We arrived at Marina Quinta do Lorde, gave them a call on Ch 16 and within minutes a big RIB was alongside to guide us in. The marina is very new and the staff efficient and friendly to new arrivals; they quickly had us tied up on our allocated berth. Good Fellow arrived 10 minutes later.
We had booked a place via the marina in Porto Santo which, coincidentally, belongs to the same marina group, and we had been assured that Catia would do us a good deal. When we met her she was efficiency in the extreme. We would not be charged for our silly length of 12.06m, i.e. 6cm the wrong side of the line, but for a sub 12m boat; so yielding a 20% discount. Then we asked for Cruising Association discount. "Sure", said Catia, "I'll make that a further 20% discount for you, and you can pay as you leave." She then gave us maps of the island, suggested levada walks, printed a list of cultural events for the coming month, and said if we had any problems to see her immediately. The marina is very new so has yet to become part of the cruising circuit but I suggest that will soon change.
The marina is very new and some of its facilities are only now coming on stream, the washeteria has taken at least 6 people well over one month to make it operate but a super facility it now is, and the book swap will soon also be operational, this also residing in the washeteria and being kicked off by a dozen of our books. Catia was sceptical that allowing people to freely swap would not result in all of the books disappearing. On order are copies of pilot books and charts of all of the island and will soon be on sale in the marina office.
One disturbing thing is the water clarity. When coming on deck each morning for the first time, and especially if the water surface is mirror smooth due to light winds, the boat seems to be floating 5 metres up in the air, so clear is the water than it is invisible and so stepping onto the pontoon is quite scary. By mid afternoon, of course, it turns into a swimming bath as we all try to cool off. At these times the previously plentiful marine life seems to exit out to sea. One day we even had a dolphin visit us but no one was swimming at the time.

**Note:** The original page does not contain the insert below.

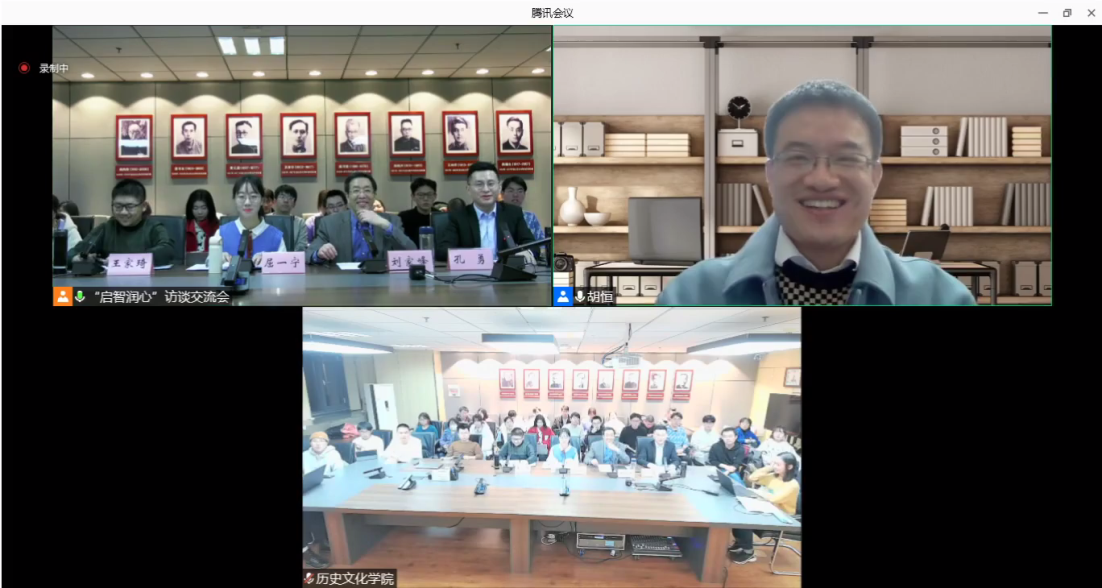 12月1日,历史文化学院举办第一期“启智润心:与青年学者在一起”访谈交流会。本期访谈嘉宾是中国人民大学清史研究所副所长胡恒,历史文化学院副院长刘家峰,青年教师武绍卫、许存健、谢振华参加会议,王家琦、屈一宁、马钰琪、杜世达、高硕五位同学担任访谈人。交流会由青年教师、2020级“强基计划”班主任孔勇主持,学院2020级和2021级“强基计划”全体同学通过线上线下形式参会。

The marina at Quinta d Lorde is quite remote, however, there is a good bus to Funchal one hour and 15 mins away. The route is an experience, we have decided that bus driver here probably have a careers or maybe life expectancy of about 10 years. We have never met one over 40, and when you have travelled regularly with them you would think the same. They are rarely on their side of the road, even on blind bends. They race round bends, which have no barriers to the 100/150m drop below with no worry about slamming on their brakes as they are confronted by the oncoming traffic. Luckily the buses have automatic descent controls to limit the speed. I now understand why a lot of the passengers including the bus drivers cross themselves at certain parts of the route.

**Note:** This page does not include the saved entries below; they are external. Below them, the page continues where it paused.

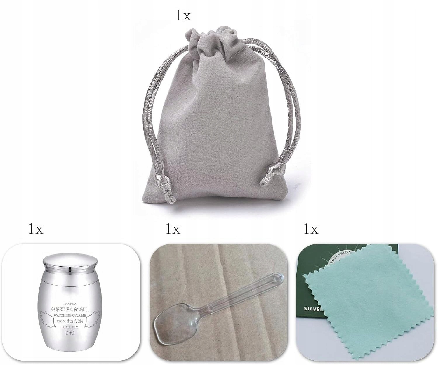 - Малий розмір урни: 1 штук X міні -урна в сувенірах: 1,57x1,18 дюйма (40x30 мм); 1 шматок x Вельветна сумка: 2,8 x 3,7 x 0,16 дюйма / 70 ~ 72 мм x 92 ~ 95 мм x 4 мм; Срібна шліфувальна тканина: 3х3 дюйми/75x75x4 мм. 75 мм; 1, 7 штук х пластикова ложка: 3,3 x 0,90 08 дюймів / 86 x 23 x 2 мм. Міні -урна підходить для транспортування невеликої кількості попелу (приблизно 11,7 мілілітра).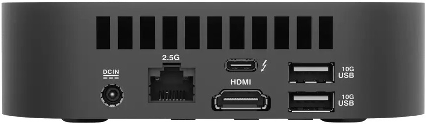 Сетевые возможности представлены 2,5-гигабитным Ethernet и беспроводным модулем Wi-Fi 7/Bluetooth 5.4. На гранях корпуса NUC 14 Pro AI доступны два порта USB 3.2 Gen2 Type-A, пара USB 3.2 Gen1 Type-A, видеовыход HDMI, комбинированный 3,5-мм аудиоразъём и два порта Thunderbolt 4. Из прочего можно отметить встроенный сканер отпечатков пальцев. За питание отвечает внешний адаптер номиналом 120 Вт.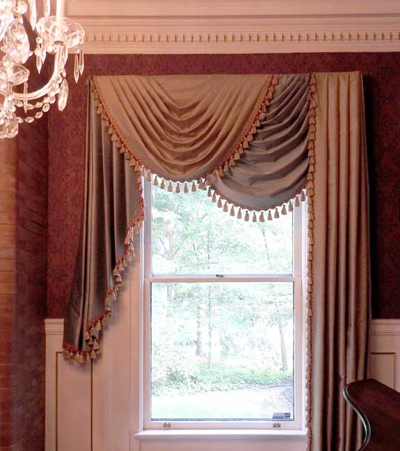 Dining room ![]() Note door (detailed below:) ![]() Hepplewhite style ornamentation on sideboard at right ![]() Queen Anne style dining room chairs ... Paired wing chairs ![]() China cabinet ... Two Queen Anne style dining room chairs |

Following David's arrival (eldest son) we spent 3 days in Funchal alongside the wall. Tides were on springs so at HW our fenders popped out above the dock and at LW the fenders slipped under the concrete facing on the dock. Additionally the only place available was by the steps so that for about 3m, at our beamiest part, no fenders could be used as they would simple swing over the steps. All in all it was horrible and a constant cause on anxiety. The only up side was that the boat rafted against us was only 34 ft and caused little damage, it was also a restriction to the size of a possible third boat. Having paid for 3 days we stayed 3 days but on the fourth we were glad to be away to Calheta.
Funchal's star attractions are:
The Botanical gardens, are a short bus ride from the city centre and offer a stunning variety of plants and flowers. Few are indigenous, but what the heck, they look superb. The site also overlooks Funchal and so offers splendid views of the city and harbour. You can see our Flowers of Madeira photos if you click this link.

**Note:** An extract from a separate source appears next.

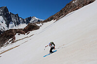 Heiv oss på første tog. Oppe på Jungfraujoch kom vi i prat med et sveitsisk-svensk følge som også var utstyrt med ski. Ellers var skisesongen her så godt som avslutta med hetebølgen som hadde kommet. Fotalpinismen hadde overtatt. Selv om snøen var skitten av saharasand og blei noe seig utover dagen foretrekker vi ski når turen nesten utelukkende går på snø.

Monte Palace is another site not to missed. Again it can be reached via a
short bus ride or alternately via an overhead cable-car also from the city centre,
we opted for the bus. Built in the 18th century and extended and enhanced many times
it now covers 70,000 m², inside are pools which are stocked with huge numbers
of Koi Carp which, in 2001, were estimated at over £1M. It also houses an
exhibition of some 3500 African sculptures. Our second visit to Monte, this time
with Jurgan and Brigitte from Good Fellow, was to enjoy the gastronomy
festival which coincided with a major religious festival where, amongst other things,
worshipers ascend the cathedral steps on hands and knees whilst carrying
wax replicas of ailing body pars. Nice! You can see our
Monte Palace gardens photos if you click this link, no
body parts though.
Calheta is a further 15 miles beyond Funchal and is again quite new but what a smashing sail we had to get there. We leisurely motor sailed westwards from Funchal for about an hour, our main interest was the cliffs ahead, they were 580m tall and the second highest sea cliffs in the world. As we neared the cliffs David happened to glance seawards and saw a school of dolphins about 0.5 mile away. Turning towards them we soon realised they were a migrating school of maybe 100 dolphins spread over about one mile. As we got nearer some of them came to play, dancing, leaping and generally cavorting just off our bows. David had never seen dolphins and we have never seen so many, they stretched as far as the eye could see. Eventually our playmates left and returned to the school causing us to scan the sea around us. Then Barry spotted his first Sperm Whale, it was about 200m away and lazing on the surface, it was huge. We chose to go no nearer but sadly it dived before cameras were brought to bear.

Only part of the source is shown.